Part of American War Crimes — ← Back to series hub

How the Worst Month in Modern American Military History Set the Stage

July 1950 was the worst month in American military history since the end of World War II. The Korean People’s Army had crossed the 38th Parallel on June 25 and driven the undermanned and unprepared U.S. and South Korean forces south in a collapse. The 1st Cavalry Division was among the first American units committed, and they were being pushed back toward Pusan.

In this context, American commanders faced a real and specific problem: North Korean soldiers were infiltrating South Korean civilian refugee columns. On July 24, 1950, the commander of the U.S. 8th Army, Lieutenant General Walton Walker, issued an order warning that enemy soldiers were using refugee movements as cover. The order was real. The threat was real. What happened next at No Gun Ri was not an authorized response to that threat — it was a panic that killed civilians the soldiers were supposed to protect.

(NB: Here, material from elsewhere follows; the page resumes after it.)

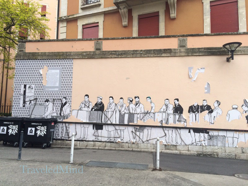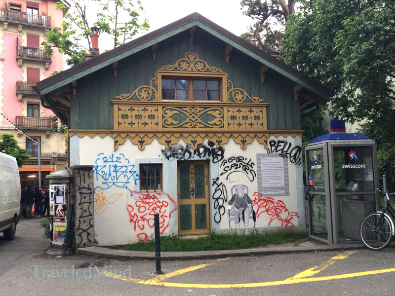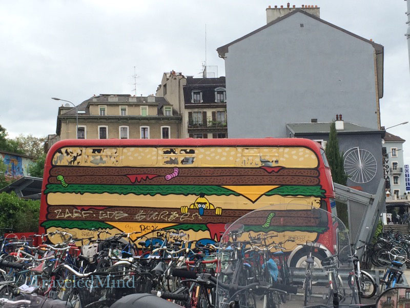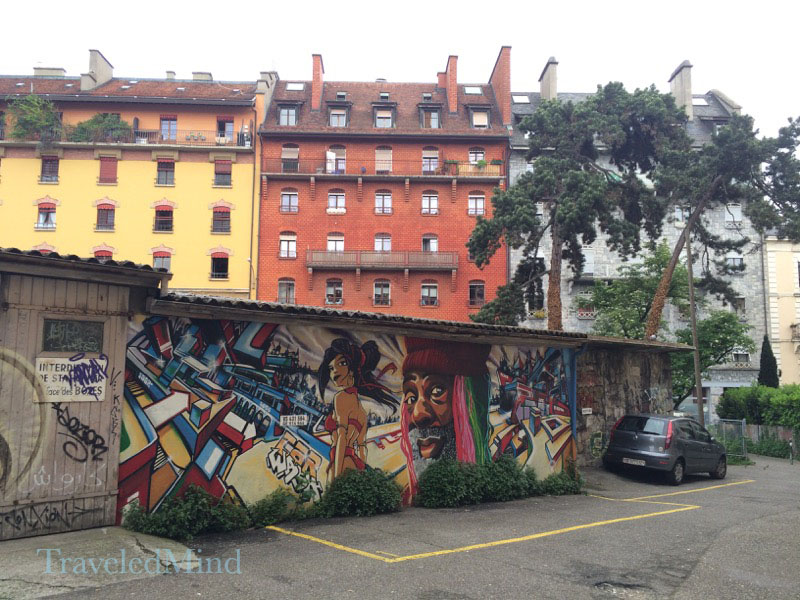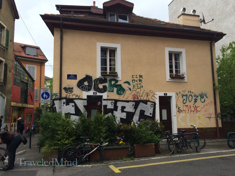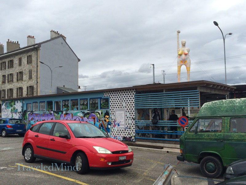 Les Grottes is an area of Geneva directly above the train station (Gare Cornavin) of interesting architecture known as Les Schtroumpes, or The Smurfs, as well as another set of buildings called The Caves (after a river that used to flow through here). It’s also a bohemian neighborhood with tagged buildings, run-down areas, impromptu sculpture, which is a vast change from Geneva’s button-down, cleaned up general atmosphere.

On July 26, soldiers of the 7th Cavalry halted a column of several hundred South Korean civilians on a road near Im Gae Ri, checked them for weapons and enemy soldiers, found none, and then — after receiving orders from officers — directed the civilians under the railroad bridge at No Gun Ri. What happened next is documented in survivor accounts, Army veterans’ testimony, and declassified military records: U.S. aircraft strafed the refugee column on the road, and then soldiers at both ends of the twin-tunnel railroad bridge opened fire on the civilians sheltering inside. The firing continued intermittently for three days.^2^

The Survivors Who Kept Asking

Among the survivors was Chung Eun-yong, who lost two children at No Gun Ri. He spent decades collecting testimony from other survivors, writing letters to Korean and American governments, and being dismissed. His account, and the accounts of other survivors organized into the No Gun Ri Peace Foundation, became the foundation for the AP investigation that eventually broke the story.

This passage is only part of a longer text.